SUPPLIED MATERIAL below:

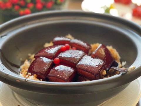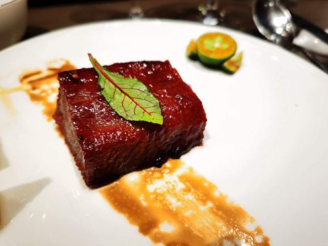 晨小小懒老上海叫这里中苏友好大厦,新上海叫上海展览中心,爷爷辈叫这里哈同花园。上海每年两会、团拜会都在这召开,标准的政治中心。 在这里吃饭举个不恰当的比喻是:去北京旅游,朋友说要不然人民大会堂吃个饭啊?😂😂😂章太炎在这里结婚,黄晓明也在这里结婚的。 关键是菜还真是很好吃。恒悦系的高级粤菜在上海做了15年了。由最早米其林三星香港新同乐厨房团队共同完成。 【金蒜小青龙】一定要点。 这是道新同乐老菜。只有蒜香没有蒜臭味,厨师说这个蒜很废水。开始没听懂,他说你以为为什么蒜臭味没有?因为流水冲上7个小时......真的很好吃。 【尚品牛肉】这是道新菜,用叉烧的方式做澳洲牛肉。第一次吃,超超超超级嫩。肥脂都有焦香味。 【金勾鲍】第一次吃这种做法的鲍鱼。三头鲍鱼,用避风塘的做法,外卖酥脆,里面仍旧保持着鲍鱼的嫩鲜Q弹。 【清炒胜瓜】恒悦最有名的招牌菜,碧绿,味道能够真的最到瓜的最最里面。 值得一提酒窖,上海排位第二,非常非常棒。酒鬼们期待下次羽绒服穿好,毛毯盖好,在酒窖里直接次饭!
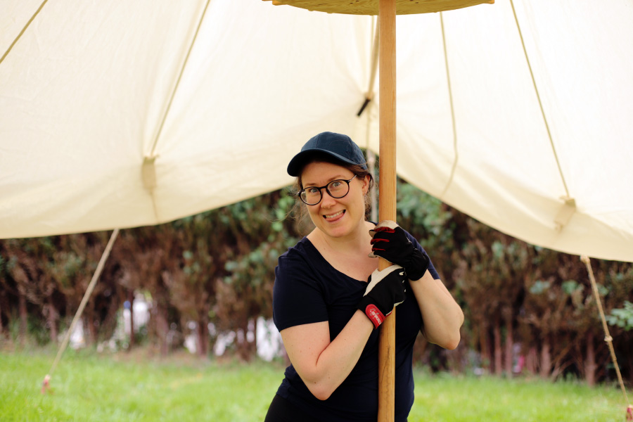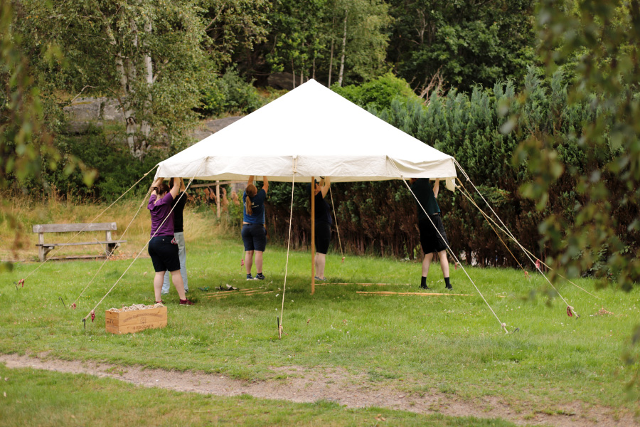 Medeltidsveckan nalkades, så vi samlades i Utby för att prova tältet; bra att veta om alla tåtar finns med och att lagningen som David gjort i tälttaket höll. Det gjorde den utmärkt!
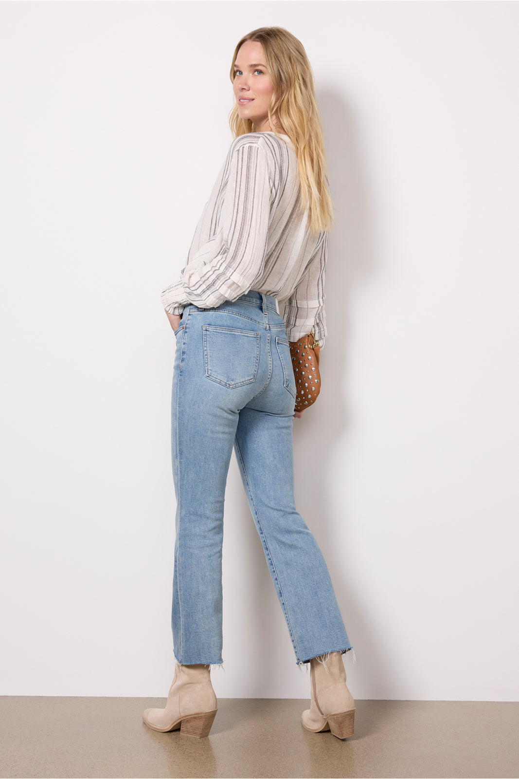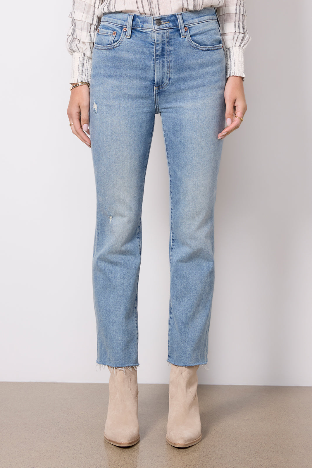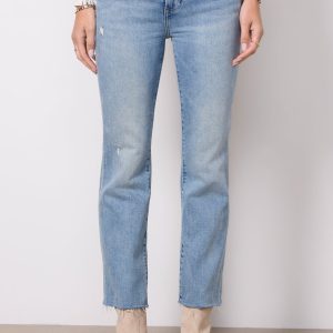 Finished in a versatileblue wash, these bootcut jeans by Pistola are crafted in soft comfort-stretch denim with a high-rise fit, distressed details, and raw hems cropped at the ankle.
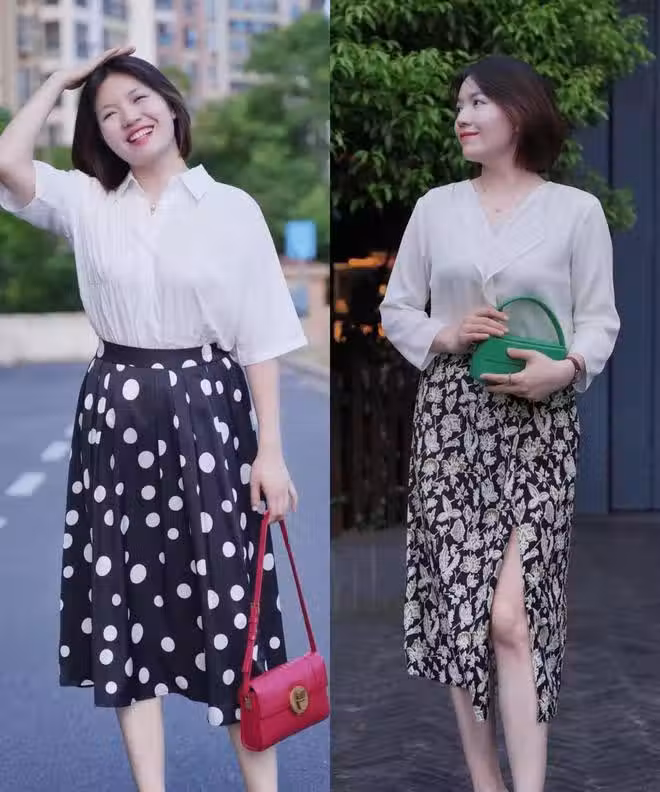 收腰上衣+印花半身裙:如果你是腰腹部比較有肉的話,上衣塞下裝的方式會容易暴露腰部贅肉,那我們可以選擇略微收腰的上衣搭配一條半身裙,這樣的話就可以起到既可以展露腰線,又能夠起到很好的顯瘦效果。
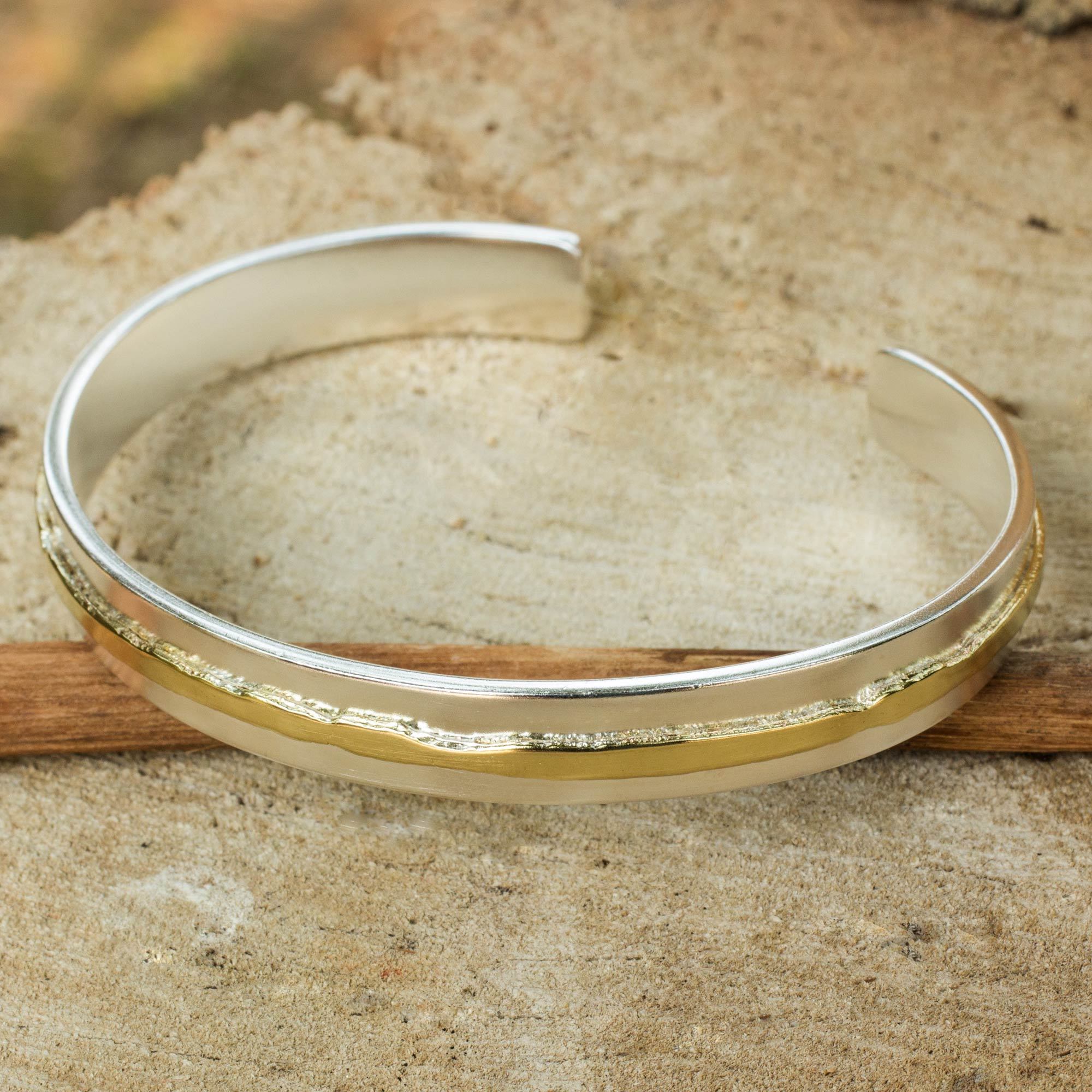 A golden ripple illuminates the design of this Thai cuff bracelet from Wittaya Cheunjit. The sterling silver bracelet is crafted by hand featuring a 24k gold plate accent and a matte finish.

End of SUPPLIED MATERIAL.

→ **EXERCISE REQUIREMENTS**: Your answer must be the records above, copied exactly, with no pictures.

→ **THE COMPLETED TASK**:
 晨小小懒老上海叫这里中苏友好大厦,新上海叫上海展览中心,爷爷辈叫这里哈同花园。上海每年两会、团拜会都在这召开,标准的政治中心。 在这里吃饭举个不恰当的比喻是:去北京旅游,朋友说要不然人民大会堂吃个饭啊?😂😂😂章太炎在这里结婚,黄晓明也在这里结婚的。 关键是菜还真是很好吃。恒悦系的高级粤菜在上海做了15年了。由最早米其林三星香港新同乐厨房团队共同完成。 【金蒜小青龙】一定要点。 这是道新同乐老菜。只有蒜香没有蒜臭味,厨师说这个蒜很废水。开始没听懂,他说你以为为什么蒜臭味没有?因为流水冲上7个小时......真的很好吃。 【尚品牛肉】这是道新菜,用叉烧的方式做澳洲牛肉。第一次吃,超超超超级嫩。肥脂都有焦香味。 【金勾鲍】第一次吃这种做法的鲍鱼。三头鲍鱼,用避风塘的做法,外卖酥脆,里面仍旧保持着鲍鱼的嫩鲜Q弹。 【清炒胜瓜】恒悦最有名的招牌菜,碧绿,味道能够真的最到瓜的最最里面。 值得一提酒窖,上海排位第二,非常非常棒。酒鬼们期待下次羽绒服穿好,毛毯盖好,在酒窖里直接次饭!
 Medeltidsveckan nalkades, så vi samlades i Utby för att prova tältet; bra att veta om alla tåtar finns med och att lagningen som David gjort i tälttaket höll. Det gjorde den utmärkt!
 Finished in a versatileblue wash, these bootcut jeans by Pistola are crafted in soft comfort-stretch denim with a high-rise fit, distressed details, and raw hems cropped at the ankle.
 收腰上衣+印花半身裙:如果你是腰腹部比較有肉的話,上衣塞下裝的方式會容易暴露腰部贅肉,那我們可以選擇略微收腰的上衣搭配一條半身裙,這樣的話就可以起到既可以展露腰線,又能夠起到很好的顯瘦效果。
 A golden ripple illuminates the design of this Thai cuff bracelet from Wittaya Cheunjit. The sterling silver bracelet is crafted by hand featuring a 24k gold plate accent and a matte finish.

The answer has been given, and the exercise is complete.